*Aim of the exercise*
Omitting all images, transcribe the listing word for word.

*Given data*
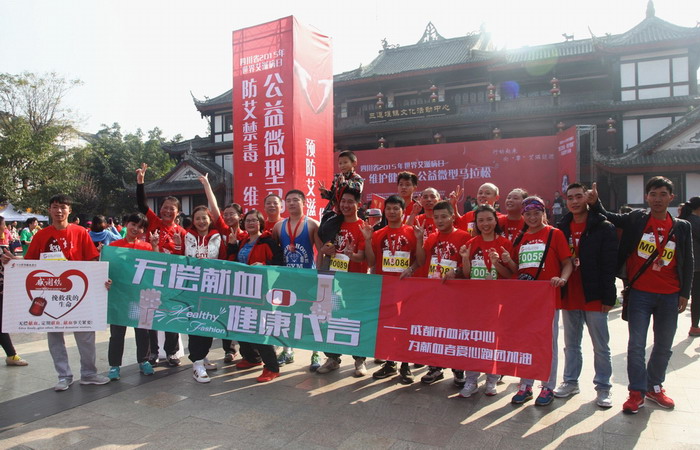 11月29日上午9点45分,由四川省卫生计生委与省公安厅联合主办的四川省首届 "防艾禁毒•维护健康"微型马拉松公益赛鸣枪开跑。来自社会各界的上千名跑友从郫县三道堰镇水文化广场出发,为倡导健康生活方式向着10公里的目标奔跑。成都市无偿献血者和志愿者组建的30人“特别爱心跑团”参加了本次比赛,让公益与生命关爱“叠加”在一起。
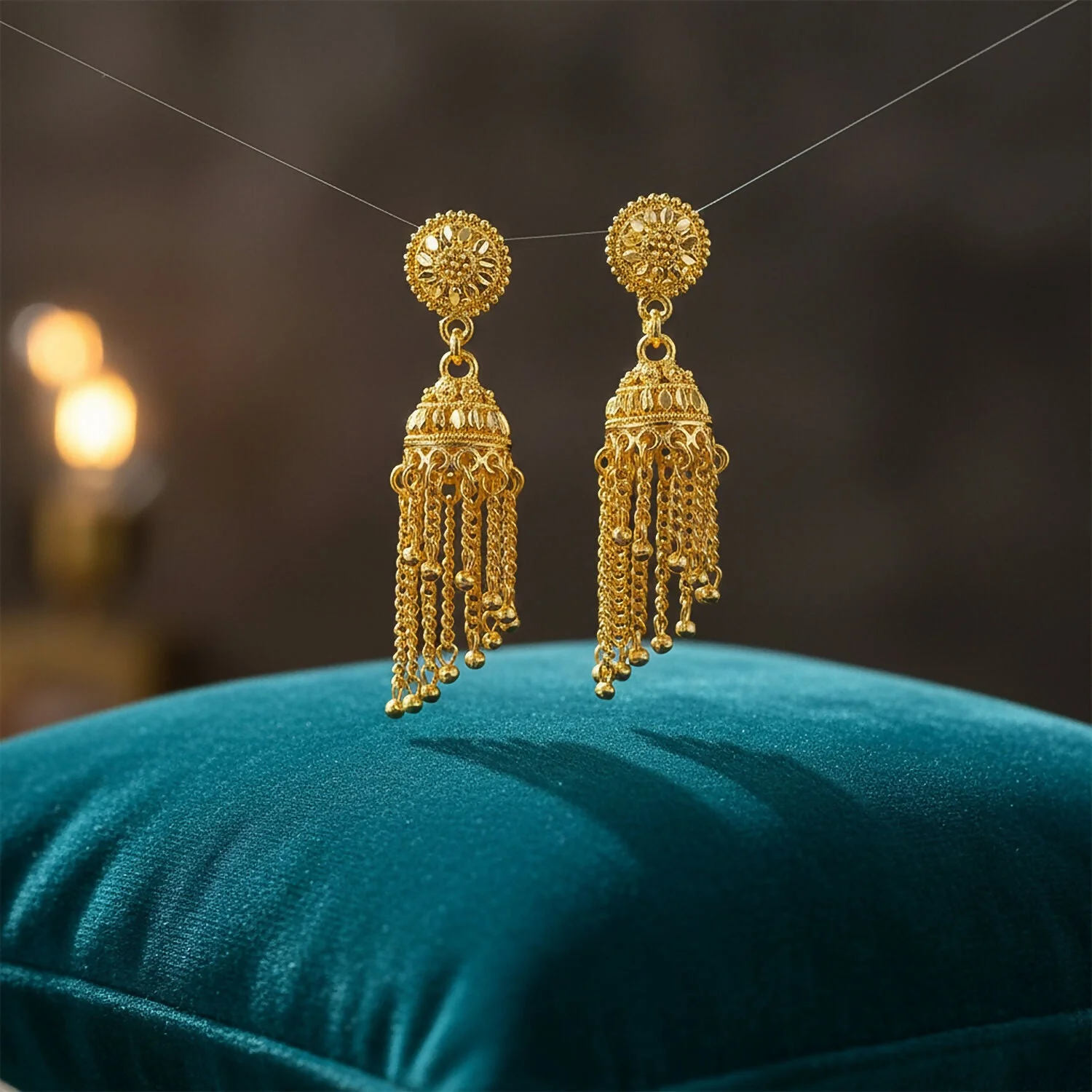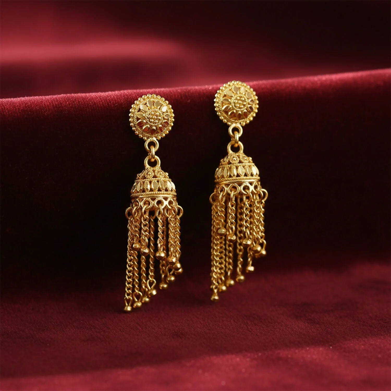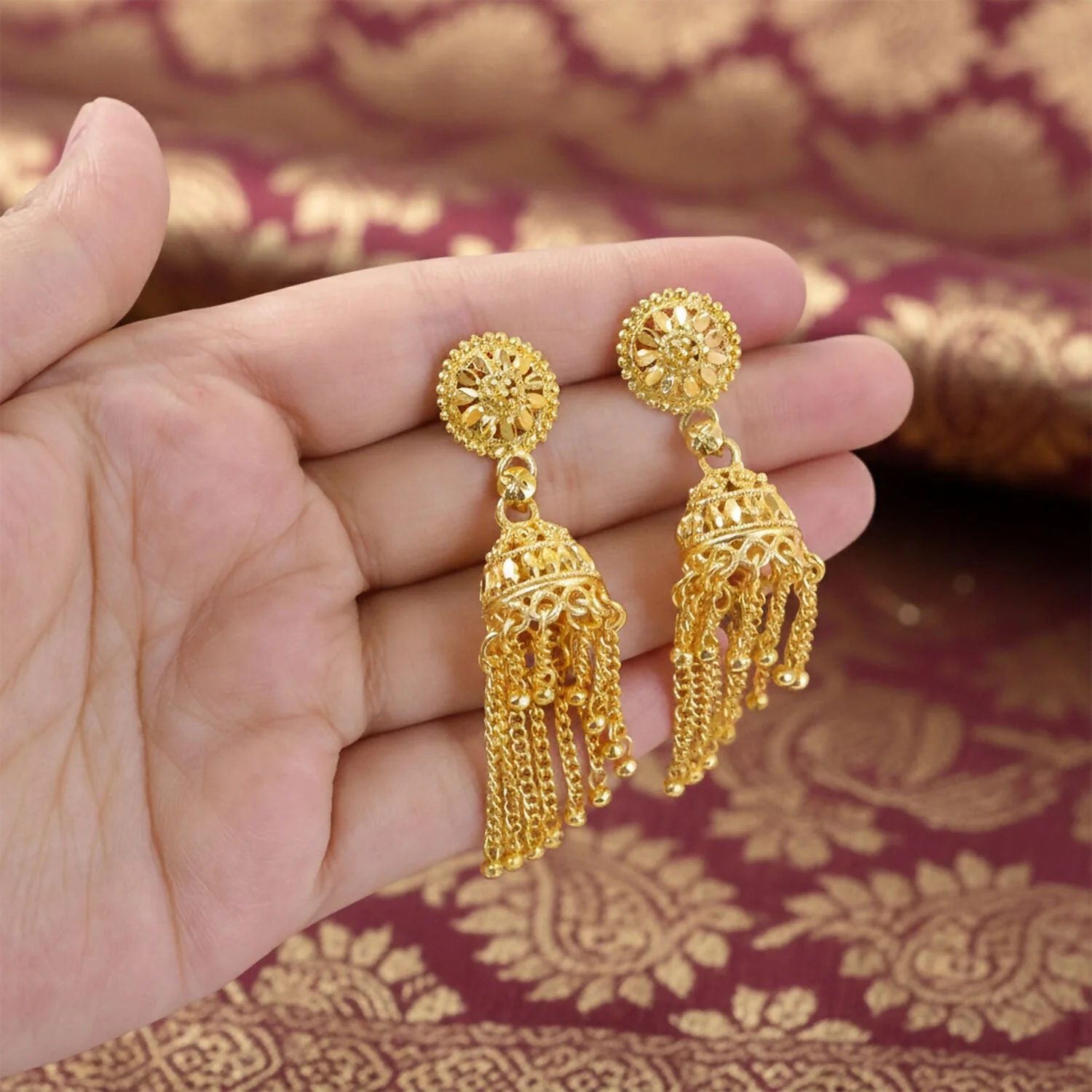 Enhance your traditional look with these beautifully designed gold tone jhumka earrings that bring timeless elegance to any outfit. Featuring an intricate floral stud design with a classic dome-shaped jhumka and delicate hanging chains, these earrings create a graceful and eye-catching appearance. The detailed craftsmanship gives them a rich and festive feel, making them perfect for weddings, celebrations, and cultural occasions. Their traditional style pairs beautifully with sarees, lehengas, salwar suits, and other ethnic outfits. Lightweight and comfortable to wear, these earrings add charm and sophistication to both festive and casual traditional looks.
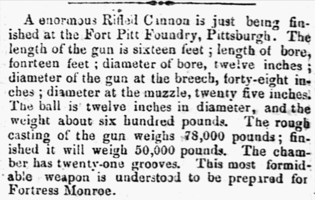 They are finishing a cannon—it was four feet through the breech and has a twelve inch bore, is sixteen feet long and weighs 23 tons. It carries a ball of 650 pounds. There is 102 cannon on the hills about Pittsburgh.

*Answer section*
 11月29日上午9点45分,由四川省卫生计生委与省公安厅联合主办的四川省首届 "防艾禁毒•维护健康"微型马拉松公益赛鸣枪开跑。来自社会各界的上千名跑友从郫县三道堰镇水文化广场出发,为倡导健康生活方式向着10公里的目标奔跑。成都市无偿献血者和志愿者组建的30人“特别爱心跑团”参加了本次比赛,让公益与生命关爱“叠加”在一起。
 Enhance your traditional look with these beautifully designed gold tone jhumka earrings that bring timeless elegance to any outfit. Featuring an intricate floral stud design with a classic dome-shaped jhumka and delicate hanging chains, these earrings create a graceful and eye-catching appearance. The detailed craftsmanship gives them a rich and festive feel, making them perfect for weddings, celebrations, and cultural occasions. Their traditional style pairs beautifully with sarees, lehengas, salwar suits, and other ethnic outfits. Lightweight and comfortable to wear, these earrings add charm and sophistication to both festive and casual traditional looks.
 They are finishing a cannon—it was four feet through the breech and has a twelve inch bore, is sixteen feet long and weighs 23 tons. It carries a ball of 650 pounds. There is 102 cannon on the hills about Pittsburgh.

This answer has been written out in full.